I would like to start off with the disclaimer that I am very very new to Android Studio and Java Script, and programming isn't even my forte. However, I am trying to develop an audio synthizer application, and while I can get everything to work, I cannot get the audio to stream. Essentially, I can use the AudioTrack in static mode to play calculated sound waveforms for up to 10 seconds, however, I cannot dynamically play multiple key presses (I have set up a 2 Octave 25 key keyboard on the app), and I cannot hold down a key for a long time either. I have a length slider that adjusts the duration of the note being played from 0.1 to 10 seconds. I would like to be able to press multiple keys at once, as well as hold down a key for an extended period of time and for the app to continuously output sound. I did some research, and it seems that the best way of achieving this is using the "Streaming" mode of the AudioTrack library, and to use threads? I am very unfamiliar with both the library, threads, and even the language.
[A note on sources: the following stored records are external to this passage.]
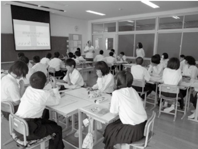
認知症サポーター養成講座（上月中学校 9月18日）

町内学校園の子ども人数（H27.10.1現在）小学校6校 766人 中学校4校 440人 公保・私幼8園 400人 佐用町教育委員会 〒679-5380 兵庫県佐用郡佐用町佐用2611番地1 TEL.82-2424 FAX.82-0120
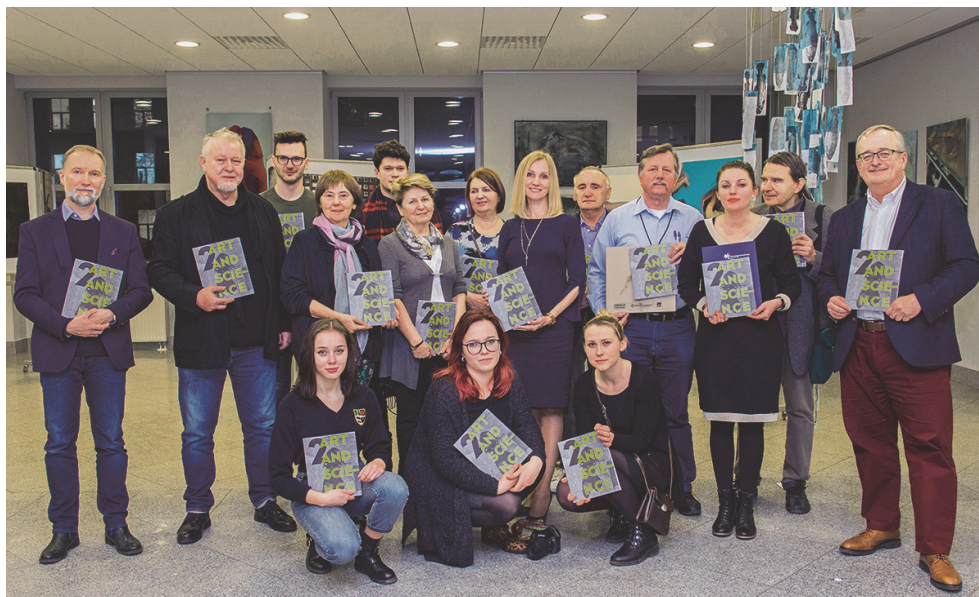
Ryc. 5. Prezentacja katalogu Sztuka bioróżnorodności czasie finisażu wystawy w Instytucie Nenckiego 19 grudnia 2018 r.

Jesienią 2018 roku rozpoczął się drugi projekt Art & Science „Sztuka Bioróżnorodności” („Art of Biodiversity”). Inicjatorami tego projektu był nie tylko Wydział Sztuki Uniwersytetu Rzeszowskiego oraz Instytut Nenckiego PAN, ale również Uniwersytet Artystyczny w Poznaniu, Instytut Filozofii Uniwersytetu Rzeszowskiego oraz Fundacja Marceliego Nenckiego Wspierania Nauk Biologicznych. Projekt został zrealizowany przy współpracy z Akademią Sztuki w Szczecinie, Wydziałem Sztuki Uniwersytetu Mikołaja Kopernika w Toruniu, Wydziałem Sztuki Uniwersytetu Marii Curie-Skłodowskiej w Lublinie oraz Wydziałem Artystycznym Uniwersytetu im. Kazimierza Pułaskiego w Radomiu.
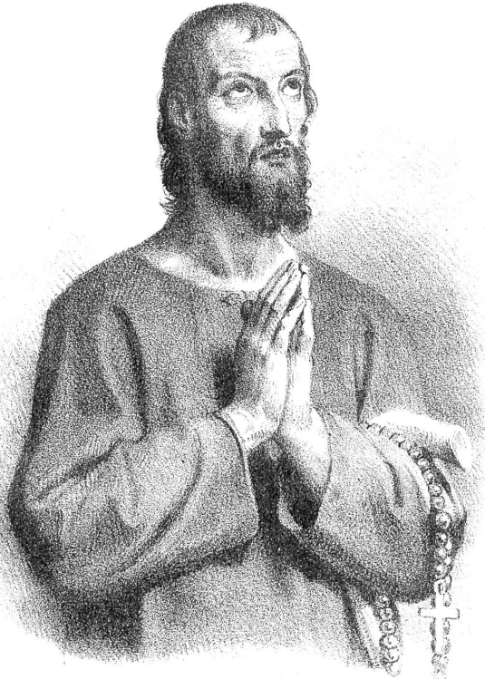
Bild des seligen Bruder Klaus und dessen Betrachtungstafel.

Mein Herr und Gott, nimm alles von mir, Was mich hindert zu Dir; Mein Herr und Gott, gib alles mir, Was mich fördert zu Dir; Herr, nimm mich mir und gib mich Dir, Und mach mich ganz zu eigen Dir.
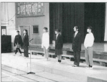
6年 わたしたちの描く 未来の南部町

I was following the audio streaming tutorial provided here, except I was trying out a slightly different approach which I believe would work better in my case. I have posted my test code below (note that this is not all of my code to play different sounds and such, but in stead only the bare minimum with only one key setup (c4), and I am trying to get it to continuously play a sound. When I first hit the key, it plays the sound for as long as I keep holding down the key. However, after I release the key, and press it again, the application just crashes. I am not quite sure why this is happening. I tried different things such as calling the "audioThread.start()" function only once, or trying to stop the thread, but I was unsuccessful. If I called the "audioThread.start()" function only once, the application wouldn't crash when I pressed the key again, but it wouldn't play the sound either. When it does play a sound, it crashes the app if I press the key a second time.
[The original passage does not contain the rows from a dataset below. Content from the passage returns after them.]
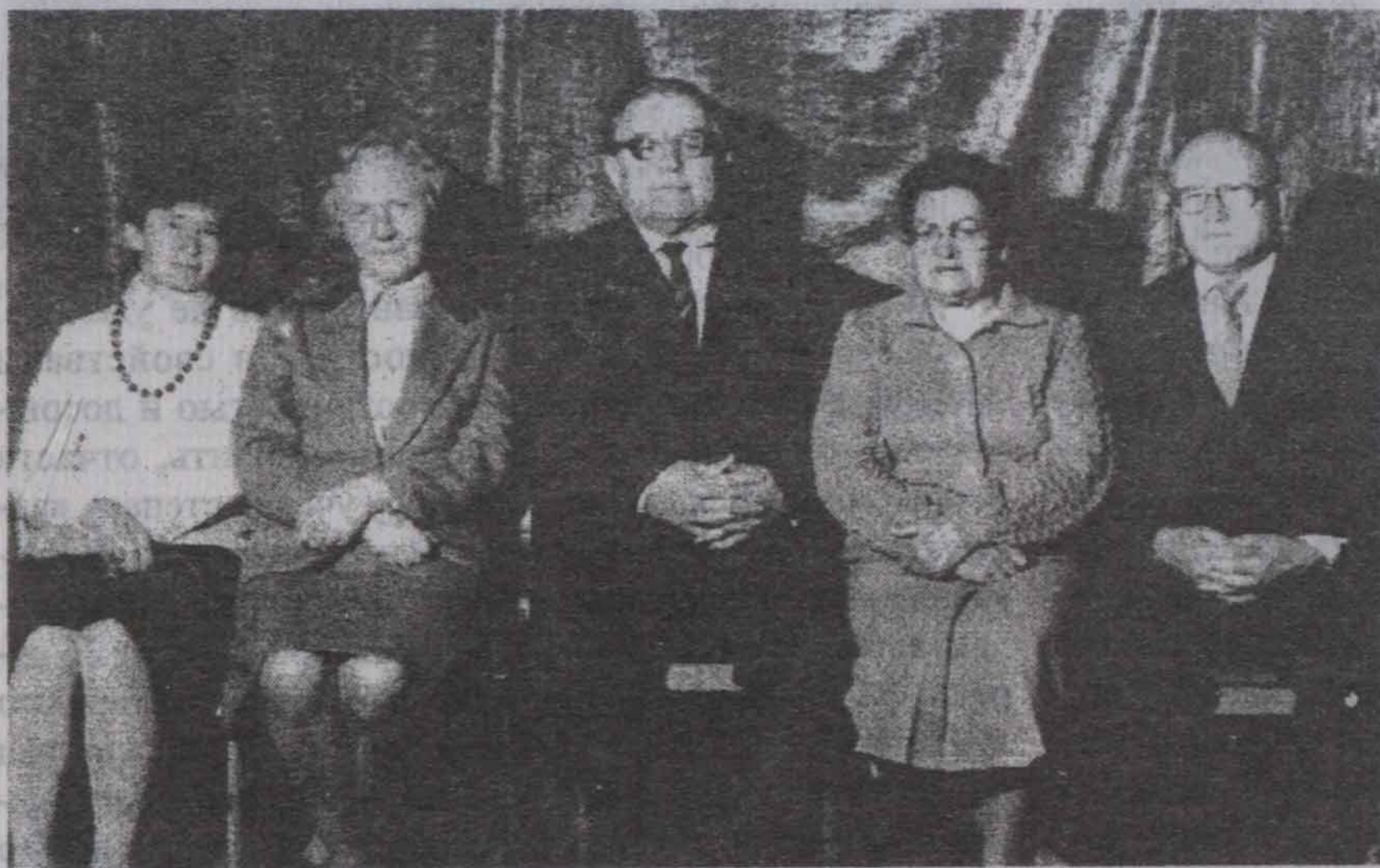
Плечом к плечу: многие годы их трудами создавалась газета «За педагогические кадры»
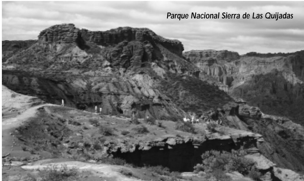
Parque Nacional Sierra de Las Quijadas

cuenta propia la visita guiada a la «Casa Natal de Sarmiento», un testimonio increíble de la historia ilógica de Argentina, con los desencuentros propios de la intolerancia. Muy apasionante. Solicitar información de horarios en la Secretaría de Turismo.
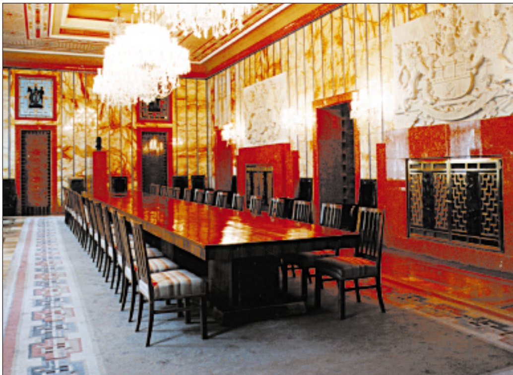
Budete si moci prohlédnout i jindy nepřístupný recepční salon v rezidenci primátora.

V prvním návštěvním dni budou pro zájemce otevřeny dveře všech kanceláří. Dále si mohou prohlédnout prostory v Městské knihovně a v Muzeu hl. m. Prahy, které jindy přístupné nejsou. V sobotu 18. května budou otevřeny všechny reprezentační prostory v historických budovách (např. Brožíkův sál, Stará rada, Jiříkův sál na Staroměstské radnici, Mramorový sál v Clam-Galla-
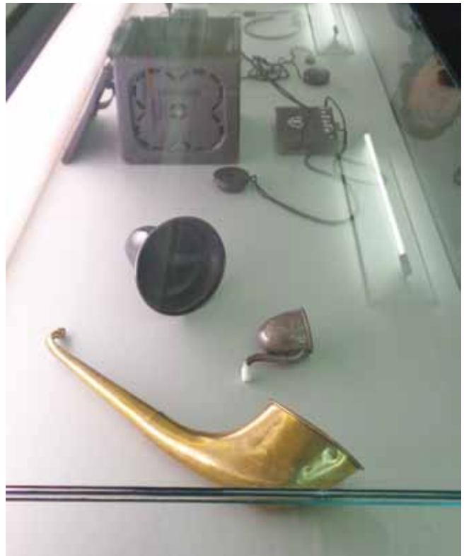
Prve oblike pripomočkov za poslušanje

Popoldan pa smo se odpeljali v mesto Gradec. Sprehodili smo se po praznično okrašenih ulicah, se povzpeli na Schloßberg ter si ogledali znamenite ledene jaslice. Pa tudi za obisk predbožičnega sejma je še ostalo nekaj časa. Podjetju Neuroth se

I also gave the full scope of my problem above because I am not sure if using threads is the best way to go about this either. Ideally, I would like it so I can press any of the 25 keys on the keyboard, and the audio library would stream the sounds for the keys pressed simultaneously, and not output anything if nothing was pressed. I don't like the idea of running 25 different threads because my audio buffer is setup in each thread and I think that would overwrite the previous buffer if I played multiple notes at once? Please let me know if you think I am heading in the wrong direction here with using threads for the application I am aiming for. I thought threads would be better because I do have to do a lot of computation before streaming audio (at max, 25 x 6 x 3 = 450 trig operations to calculate one sample of my waveform), and so I thought somehow pipelining the computation would be better?
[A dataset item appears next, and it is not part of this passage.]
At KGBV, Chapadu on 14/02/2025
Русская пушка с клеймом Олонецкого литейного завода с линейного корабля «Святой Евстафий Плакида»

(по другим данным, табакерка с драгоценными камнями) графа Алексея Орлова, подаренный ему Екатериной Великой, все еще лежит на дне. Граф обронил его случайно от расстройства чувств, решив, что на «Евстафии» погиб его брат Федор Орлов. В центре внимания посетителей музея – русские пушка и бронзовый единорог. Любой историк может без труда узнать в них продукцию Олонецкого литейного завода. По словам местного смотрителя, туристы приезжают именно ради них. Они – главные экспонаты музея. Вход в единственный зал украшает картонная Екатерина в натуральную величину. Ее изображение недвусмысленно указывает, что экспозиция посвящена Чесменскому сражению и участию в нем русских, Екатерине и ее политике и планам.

Either way, please let me know why I cannot get the test setup below to play the sound when I press the key a second time? I am also using Lenovo tabM10 FHD Plus if that's relevant information. This is also my first time using stackOverflow, so I appologize if I have done a terrible job formatting my post. If you think I should Edit my post to be more concise/clear about my issue, please let me know and I will fix it. I apologize for any inconvenience up front.

My Test Code:

package com.example.ece496_simplesynth;

import androidx.annotation.RequiresApi;
import androidx.appcompat.app.AppCompatActivity;
import androidx.core.view.MotionEventCompat;

import android.graphics.Color;
import android.media.AudioFormat;
import android.media.AudioManager;
import android.media.AudioTrack;
import android.os.Build;
import android.os.Bundle;
import android.view.MotionEvent;
import android.view.View;

public class MainActivity extends AppCompatActivity {

    private AudioTrack audioTrack;
    private int intBufferSize;
    private short[] shortAudioData;
    private boolean isActive = false;

    private Thread audioThread;

    private boolean keyPress = false;

    @Override
    protected void onCreate(Bundle savedInstanceState) {
        super.onCreate(savedInstanceState);
        setContentView(R.layout.activity_main);

        final View c4 = (View) findViewById(R.id.c4);

        c4.setOnTouchListener(new View.OnTouchListener() {
            @Override
            public boolean onTouch(View view, MotionEvent motionEvent) {
                int action = motionEvent.getAction();//.getActionMasked(motionEvent);
                if (action == MotionEvent.ACTION_DOWN) {
                    c4.setBackgroundColor(Color.parseColor("#ed1b24")); //"#81DAF5"
                    keyPress = true;
                    audioThread.start();
                }

                else if (action == MotionEvent.ACTION_UP) {
                    c4.setBackgroundColor(Color.parseColor("#FFFFFF"));
                    keyPress = false;
                    //audioThread.stop();
                }
                return true;
            }
        });

        audioThread = new Thread(new Runnable() {
            @RequiresApi(api = Build.VERSION_CODES.LOLLIPOP)
            @Override
            public void run() {
                threadLoop();
            }
        });


    }
    @RequiresApi(api = Build.VERSION_CODES.LOLLIPOP)
    private void threadLoop(){
        int intSampleRate = AudioTrack.getNativeOutputSampleRate(AudioManager.STREAM_MUSIC);
        intBufferSize = AudioTrack.getMinBufferSize(intSampleRate, AudioFormat.CHANNEL_OUT_MONO, AudioFormat.ENCODING_PCM_16BIT);
        shortAudioData = new short[intBufferSize];

        audioTrack = new AudioTrack(AudioManager.STREAM_MUSIC,
                intSampleRate,
                AudioFormat.CHANNEL_OUT_MONO,
                AudioFormat.ENCODING_PCM_16BIT,
                intBufferSize,
                AudioTrack.MODE_STREAM);

        audioTrack.setPlaybackRate(intSampleRate);



        int n = 0;
        float x;
        float TS = 1.0f/intSampleRate;
        float freq = 440.0f;
        float PI = 3.14159f;
        float omega = 2.0f*PI*freq*TS;

        if(keyPress){
            audioTrack.play();
        }
        while(keyPress){

            for(int i = 0; i < shortAudioData.length; ++i){
                if(n == Integer.MAX_VALUE | n < 0){
                    n = 0;
                }
                x = (float)(Math.sin((float)(omega*n)));
                ++n;
                shortAudioData[i] = (short)(x * Short.MAX_VALUE);
            }

            audioTrack.write(shortAudioData, 0, shortAudioData.length);
        }

        audioTrack.stop();


    }
}

Answer 1

I wrote something similar to your project using pure Java. I think there are a number of workable plans. The path I took was to have keyboard triggering (keypress/keyrelease actions) employ loose coupling to a pre-allocated bank of synths. The synths methods that produce the PCM, and a mixer that combined the output of the synths resided on a single, dedicated "audio thread". With Java, I used a SourceDataLine for output. With Android, you can stream raw PCM using AudioTrack.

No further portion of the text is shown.